Natural conversation involves more than speech. Humans communicate using language and a lot of other signals in
combination with speech: gestures (pointing at something, emphasising object dimensions, …), gaze (making eye
contact, looking down, up, to a particular object, and so on,…), facial expression , body postures and so on. In addition ,
people, while communicating, exhibit a behaviour that is consistent with their personality, affective state and with the
context in which the conversation takes place.
Our aim, in the context of the Magicster project (rif), is to build a conversational communication interface that make
use of non-linguistic signals when delivering information in order to achieve an effective and natural communication
with other humans/artificial agents. To this aim, the best way to incorporate non-linguistic conversational aspects into
an interface is to allow users to interact with an embodied Animated Agent which has communicative and expressive
capabilities similar to those exhibited by humans (body postures, gestures, face expressions, lip movements, voice
intonation, etc.). This is considered to be a necessary feature of a conversational agent (citare), however, in our opinion,
simply providing a 2 or 3D character, a full-body virtual humans or a face with multimodal communicative functions is
not enough for achieving a believable behaviour. The various definitions of believability discussed in the literature on
the topic, involve several dimensions: personality, affect, social intelligence, goal-oriented behaviour, reactivity and
responsiveness, consistent evolution, and so on (citare). In our case, this means providing the agent with a personality, a
social role and, consequently, social relationships, allowing it to express its emotions but also to refrain from showing
them consistently to the conversation cognitive context and the agent goals. In addition to this reflexive capability, our
agent has to achieve a very rich expressivity during the conversation showing several communicative functions
typically used in human discursive strategies such as the use of: syntactic, dialogic, meta-cognitive, performative,
deictic, adjectival, and belief relation functions (for more details …).
The demo we propose is about a system allowing a natural conversation between a user and a reflexive conversational
agent embodied in a 3D face able to express, using verbal and non-verbal signals, all these communicative functions in
a way that is consistent with its personality and with the cognitive conversation context. In order to do this, a set of
factors are used to trigger and regulate the displaying and the intensity of display of these communicative functions.
Example of this factors are: the agent’s personality, the features of the interlocutor, the social and private relationship
between them, and in particular case of emotion display also the nature and valence of emotion. In this paper, since it
is aimed at illustrating a system demo, we focus on architectural aspects of such an agent more than on its cognitive
modeling aspects (more details can be found in …).
2.
MagiCster Conversational Agent Architecture
In the architecture of our Agent, we make a main distinction between two components: the Agent’s Mind and its Body.
This distinction is motivated by the opportunity to couple the Mind component to different Bodies (virtual humans, 3D
faces, 2D characters, and so on), without constraining the symbolic representation of the conversation to a particular
Body and by delegating the surface realization of every dialog move to the Body itself.
At this stage of our work, the Body we use is a combination of a 3D face model (Greta) that was developed by the
University of Roma “La Sapienza” and a speech synthesiser (Festival) that was developed by the University of
Edinburgh, in the scope of MagiCster.
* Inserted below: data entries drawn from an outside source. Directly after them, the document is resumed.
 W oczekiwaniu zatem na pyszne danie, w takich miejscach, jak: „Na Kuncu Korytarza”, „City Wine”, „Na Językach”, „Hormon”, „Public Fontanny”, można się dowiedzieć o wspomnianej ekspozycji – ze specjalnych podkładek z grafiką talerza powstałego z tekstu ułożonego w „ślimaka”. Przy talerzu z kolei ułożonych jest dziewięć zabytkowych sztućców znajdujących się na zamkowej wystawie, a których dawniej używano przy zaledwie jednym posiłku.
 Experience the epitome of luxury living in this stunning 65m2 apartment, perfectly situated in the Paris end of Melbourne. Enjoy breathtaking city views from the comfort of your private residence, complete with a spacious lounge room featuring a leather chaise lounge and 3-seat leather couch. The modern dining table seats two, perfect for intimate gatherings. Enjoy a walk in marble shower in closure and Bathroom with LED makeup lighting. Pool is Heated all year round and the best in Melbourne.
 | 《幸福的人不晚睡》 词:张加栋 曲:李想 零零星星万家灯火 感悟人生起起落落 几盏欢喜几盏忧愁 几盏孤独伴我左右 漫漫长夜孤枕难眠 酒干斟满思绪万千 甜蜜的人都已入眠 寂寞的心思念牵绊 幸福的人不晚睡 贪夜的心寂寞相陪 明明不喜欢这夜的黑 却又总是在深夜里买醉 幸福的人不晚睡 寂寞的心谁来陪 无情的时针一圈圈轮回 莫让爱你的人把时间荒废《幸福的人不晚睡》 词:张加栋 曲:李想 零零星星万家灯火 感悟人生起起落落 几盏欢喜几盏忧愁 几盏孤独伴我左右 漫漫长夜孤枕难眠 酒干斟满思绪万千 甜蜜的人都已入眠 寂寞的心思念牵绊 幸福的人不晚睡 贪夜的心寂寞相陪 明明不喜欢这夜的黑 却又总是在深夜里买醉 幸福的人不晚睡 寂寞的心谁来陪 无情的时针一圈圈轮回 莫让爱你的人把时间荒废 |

We will refer to ‘Greta’ to name the ‘3D talking head’ that results from the
combination of the two mentioned modules. Greta is capable to express the main (verbal and nonverbal) communicative
functions foreseen for our conversational agent: to insure that her behavior is ‘believable’, we have to provide her with
an appropriate input, that results from some ‘reasoning ability’, that is from a ‘Mind’.
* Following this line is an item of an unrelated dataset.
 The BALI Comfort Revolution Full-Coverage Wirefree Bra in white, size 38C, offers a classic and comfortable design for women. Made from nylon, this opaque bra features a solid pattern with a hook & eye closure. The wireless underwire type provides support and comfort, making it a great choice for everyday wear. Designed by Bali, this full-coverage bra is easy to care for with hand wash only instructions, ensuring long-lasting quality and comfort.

An outline of the Mind of Greta is shown in Figure 1; it includes several modules, all aimed at generating a dialog
whose moves are enriched combinations of conversational acts. Let’s see in more detail what this means exactly and
how it is implemented.
User Moves
Discourse
Plan
MIND
XML Spec
The main input of Mind is a dialog goal in a
particular domain. From this goal, an overall
discourse plan is produced for the Agent (either
through a planner or by retrieving an appropriate
‘recipe’ from a plan library).
Social
Context
Figura 1. Outline of the Mind Module
This plan represents the way that the Agent will try to achieve the specified communicative goal during the
conversation. However, the way the dialog goes on is a function not only of this plan but also of the User Moves and of
what we call the Social Context. The Social Context is a knowledge base which includes two main components:
-
an Agent’s Mental State, which is a dynamic BDI model of the rational and affective components of the
Agent’s mind and
a domain knowledge base, which describes the objects, the events and the actions that may occur in the domain
and may influence the Agent’s mental state in a way that (as we will see later on) depends on her ‘personality’.
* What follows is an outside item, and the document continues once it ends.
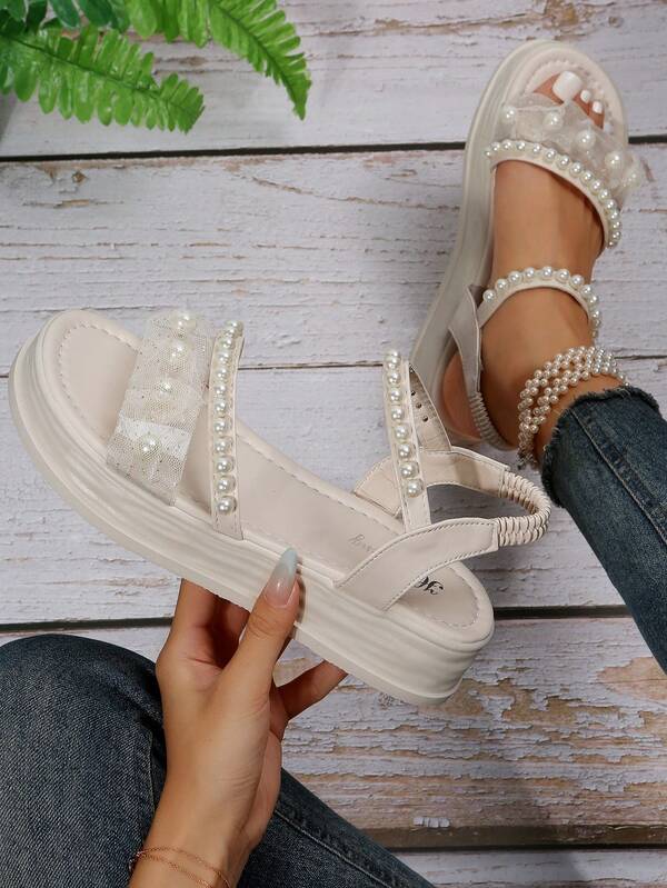 Fashionable Ladies' Thick-soled Sandals With Artificial Pearls Embellishment

The output of the Mind module is an enriched dialog move that is expressed according to an XML specification which
is interpretable by the Body. XML is used as a middle-ware level in order to overcome integration problems between
the two components.
2.1 Dialog Manager
The type of conversations we simulate, in our first prototype of MagiCster, are information-giving dialogs: in these
dialogs, the main function of Greta is to provide some kind of information to the User, in a given domain. She has
therefore an overall ‘communication goal’, that she tries to achieve through an appropriate discourse plan. However,
MagiCster is a ‘mixed-initiative’ system: so, the User may interrupt Greta in any phase of her discourse, to ask
questions; this opens a question-answering subdialog, after which Greta takes again the dialog control, by revising her
discourse plan according to what occurred so far. As we said, we are particularly interested in simulating the ‘affective’
aspects of conversations; for this reason, we take medical dialogs as the main application domain for our first prototype
and will show examples in this domain.
As illustrated in Figure 2, Mind includes several modules:
- Hamlet, which is responsible for updating the Agent’s mental state by deciding, according to the Social Context,
whether a particular affective state of the Agent should be activated and with which intensity and whether the felt
emotion should be displayed or hidden. Hamlet is based on a dynamic bayesian network;
- the Dialogue manager, which manages the dialogue flow and decides “what to say” in every dialogue turn. It
generates the Agent’s dialogue turn output according to the following control flow:
- after a ‘dialog goal’ has been specified, the Agent selects an appropriate discourse plan and generates the first
move according to the first steps of this plan. At the end of this first move, the initiative is passed to the User,
that can make questions to the Agent regarding the topic under discussion.
- The User input is translated into a symbolic communicative act (through a very simple interpretation process)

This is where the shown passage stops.